As Henry writes:
In a free society, it is not the job of government to decide what people should hear. In a socialist, communist or other dictatorial society, deciding what people should hear is the first priority of government.That would seem to be a no-brainer, but what is even more obvious to us that love America and freedom is the last few lines of Henry's column:
It's hard to imagine a more effective way to destroy a free society than to empower government to control the flow of information available to its citizens. The crowd now in power in Washington seems to want this power – badly. They will take it, unless they are stopped. They can be stopped only by making sure that the president who appoints these bureaucrats honors, respects and abides by the Constitution. (emphasis my own)
Hands off the 1st Amendment!
By Henry Lamb
December 11, 2010 ~ 1:00 am Eastern
"Congress shall make no law … abridging the freedom of speech, or of the press …," but the progressives on the Federal Communications Commission think their job is to do just that – regulate the speech of individuals and of the press. Speaking to the Columbia School of Journalism, FCC Commissioner Michael Copps spelled out his idea for a "community values test" to be applied to media outlets with every license-renewal application.
This is not a new idea from Copps. In 2007, at a Walter Cronkite Awards dinner, he told journalists that license holders should be required to meet a laundry list of standards the FCC dictates. What happened to the idea that in a free market, consumers set the standards? If the market does not like what the broadcaster is producing, the broadcaster will soon be out of business.

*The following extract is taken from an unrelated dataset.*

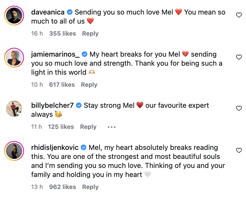 Also in the comments was sexpert Alessandra Rampolla, who wrote: “My Mel, beautiful chica. My heart breaks reading this, but I am endlessly grateful for every moment we’ve shared. You are SO deeply loved, my friend!! Holding you and your beautiful family close to my heart. Always.”

The FCC's only legitimate function is to see that broadcasters comply with laws enacted by Congress. It is certainly not the function of the FCC to dictate the content broadcasters are required to air. Copps is also bent out of shape because there are not as many black and Latino owners of broadcast stations as he thinks there should be. He wants the licensing process to insure that the distribution of ownership opportunities meets his requirements, even if it means taxing successful broadcast stations to provide a subsidy for new minority operators.
Could it be that Copps believes that the FCC is not limited by the First Amendment? Could it be that Copps thinks that requiring broadcast outlets to present content dictated by the FCC is not really "abridging" the freedom of the press? Or, could it be that he just doesn't give a damn what the Constitution says?